A major focus of the MaRS collaboration is a state-of-the-art facility called the MaRS Centre. Its first phase totals 700,000 square feet and is fully leased. Tenants include startup, mid-sized, and multinational high-technology companies, researchers from the University Health Network and The Hospital for Sick Children, venture-capital firms, and a wide range of services such as technology-transfer groups, accountants, lawyers, networking organizations, and funding agencies. A million-square-foot second phase has a target completion date of 2008 and is expected to attract a wide range of multinational technology businesses and leading research organizations.

"Toronto's vibrant medical and research institutions have demonstrated a strong track record for clinical trials initiatives with several of the world's leading pharmaceutical entities," according to Dr. Mansoor Mohammed, chief scientific officer and vice president of CombiMatrix Molecular Diagnostics. The producer of gene-based diagnostic products and services established a new facility this spring in the MaRS Discovery District. "We anticipate drawing heavily from the researchers trained within the greater Toronto medical research community."

"Life sciences is certainly an industry that we're focusing on where we have some big advantages," says Langley. "We have an excellent work force. About 57 percent have postsecondary education - about 25 percent have university degrees and the balance have college diplomas or full-time apprenticeships.
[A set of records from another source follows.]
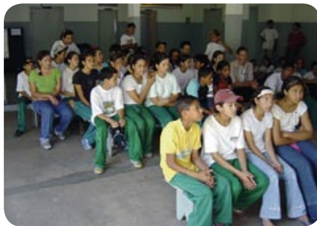
→ REUNIÃO DE MOBILIZAÇÃO DOS JOVENS.

foi semelhante. Apresentação dos participantes, explicação sobre o Conselho Gestor da APA e sobre o Projeto de Gestão Participativa. Discussão sobre o papel dos jovens neste projeto e por fim a seleção dos Agentes Jovens para participar das capacitações. Em Tagaçaba foi realizada no dia 13 de agosto na Escola Estadual de Tagaçaba. Na comunidade do Batuva aconteceu no dia 21 de agosto na fábrica de processamento de banana. Na Barra de Superagui foi realizada no dia 24 de agosto na Associação das Mulheres. Na Ilha Rasa e Almeida foi no dia 26 de agosto na lanchonete da Ponta do Lanço. Na Vila das Peças foi realizada no dia 31 de agosto na Associação de Moradores. Na comunidade de Ipanema aconteceu na escola da comunidade no mesmo dia que a Vila das Peças. Na sede de Guaraqueçaba aconteceu no dia 31 de setembro no Centro de Visitantes do IBAMA. Em Tagaçaba estavam presentes cerca de 150 pessoas das comunidades, na Vila das Peças cerca de 50 pessoas da comunidade e na Barra de Superagui participaram 40 pessoas da comunidade.
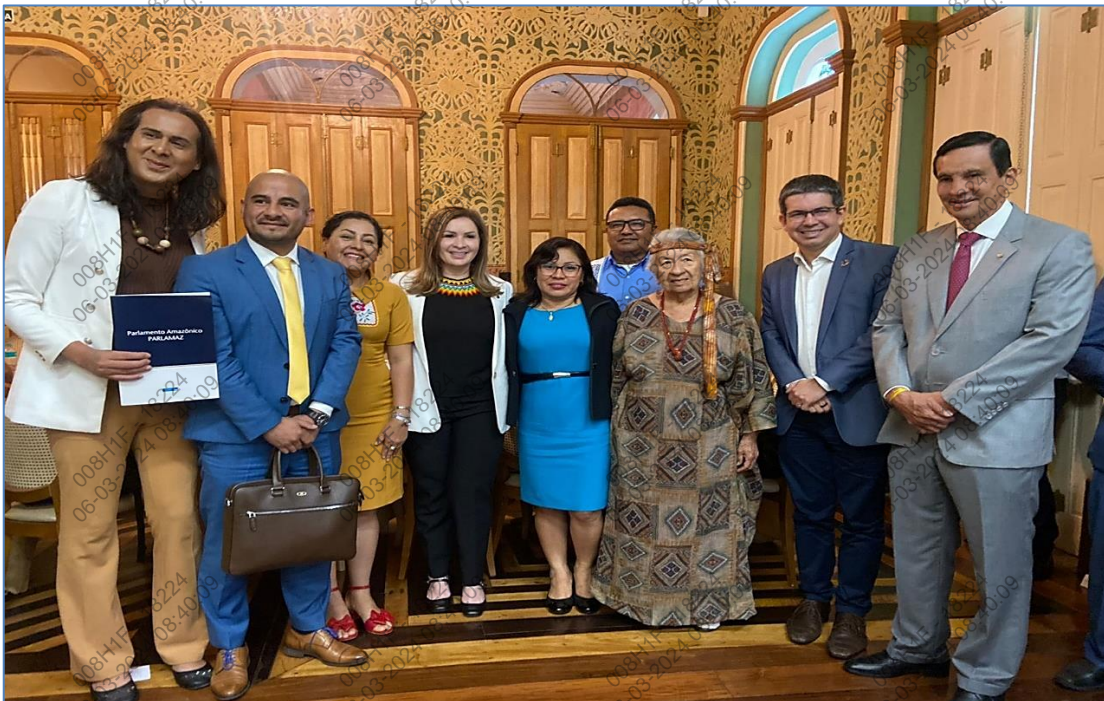
Foto N°2: delegados presentes de los países miembros del Parlamento Amazónico
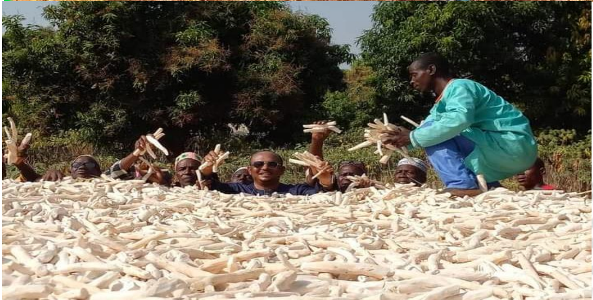
1Le GOHA INTERNATIONAL répond à l'appel du gouvernement pour une agriculture au bénéfice des populations guinéennes
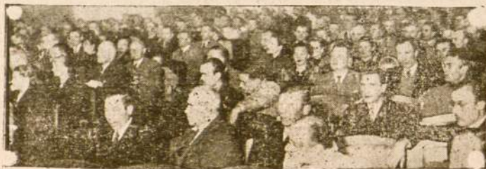
Lietuvos Gedulo Dienos Minėjimo Dalyvių Dalis

Minėjimas įvyko sekmadienį, birželio mėn. 16 d. 1946 m. — Atenco de Montevideo — patalpose ir buvo ypatingai pasekmingas.
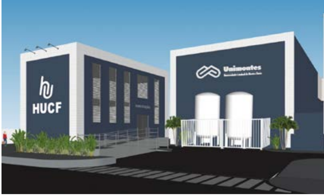
Parte da nova fachada principal do Hospital Universitário da Unimontes com a substituição de tratamento (Avenida Cula Mangabeira)

Objetivo é revitalização das áreas externas, refletindo na melhoria do visual e na humanização do ambiente

Toronto is one of the major life-sciences locations in North America."

Along with strong research operations and facilities, plus the highly skilled workers required to take advantage of them, Ontario boasts strong advantages in research costs, Langley says. "We're considerably less expensive than the United States and Europe.We have an excellent R&D tax credit that effectively gives you roughly 50 cents on the dollar of costs. This is one of the most attractive tax credits in the industrialized world."

Nearly every jurisdiction on the planet wants a piece of the life-sciences pie, but economic development officials in Ontario know that competition is not the only route to success. They recently found common ground with their counterparts in the state of Illinois, signing a five-year agreement to collaborate on biotechnology research and trade. Among other things, the memorandum of understanding covers:

• Development of bio-products networks to take advantage of trends and opportunities;
• Information and technology exchanges across business and research institutions with the goal of developing and commercializing biomaterials, bio-fuels, agricultural sciences, plant and animal genomics, environmental sustainability, food science, and nutrition;

Trade development and business partnership opportunities; and
• Identification of issues that Ontario and Illinois might bring to the attention of their respective federal governments.